An exact copy of the entries, with every picture omitted, is what is needed here.

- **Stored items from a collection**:
↓↓↓

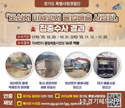 [경기헤드라인=문수철 기자] 경기도는 도심지 미세먼지 발생사업장 330개를 대상으로 불법 배출 행위를 집중 수사해 대기환경보전법 위반 사업장 16개를 적발했다고 9일 밝혔다.
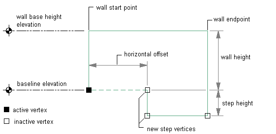 Use this procedure to add a step to the roof line or the floor line of a wall. You can also add a step on the Roof/Floor Line worksheet on the Properties palette.
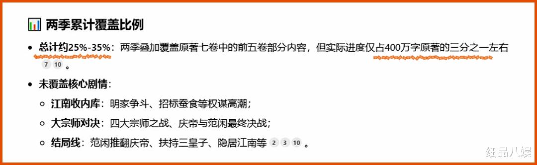 据统计,《庆余年》前两部只拍出了原著三分之一左右的内容。第三部大概率拍不完剩余的三分之二,想看大结局的观众可能还得等第四部、第五部。
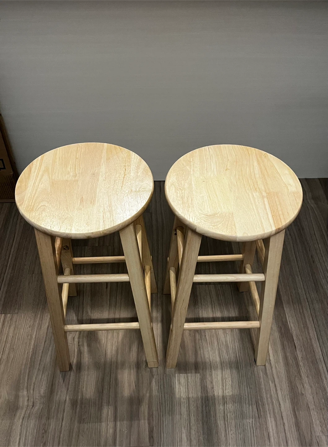 Two round top bar stools made of light-coloured wood. These stools feature a classic design with four legs and a supportive crossbar. They're sturdy and ready for your kitchen counter or bar area! $20 for both
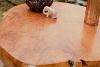 Die Tischplatte mit fantastischer Holzmaserung wirkt sehr edel.

↑↑↑

- **Solution for this problem**:
 [경기헤드라인=문수철 기자] 경기도는 도심지 미세먼지 발생사업장 330개를 대상으로 불법 배출 행위를 집중 수사해 대기환경보전법 위반 사업장 16개를 적발했다고 9일 밝혔다.
 Use this procedure to add a step to the roof line or the floor line of a wall. You can also add a step on the Roof/Floor Line worksheet on the Properties palette.
 据统计,《庆余年》前两部只拍出了原著三分之一左右的内容。第三部大概率拍不完剩余的三分之二,想看大结局的观众可能还得等第四部、第五部。
 Two round top bar stools made of light-coloured wood. These stools feature a classic design with four legs and a supportive crossbar. They're sturdy and ready for your kitchen counter or bar area! $20 for both
 Die Tischplatte mit fantastischer Holzmaserung wirkt sehr edel.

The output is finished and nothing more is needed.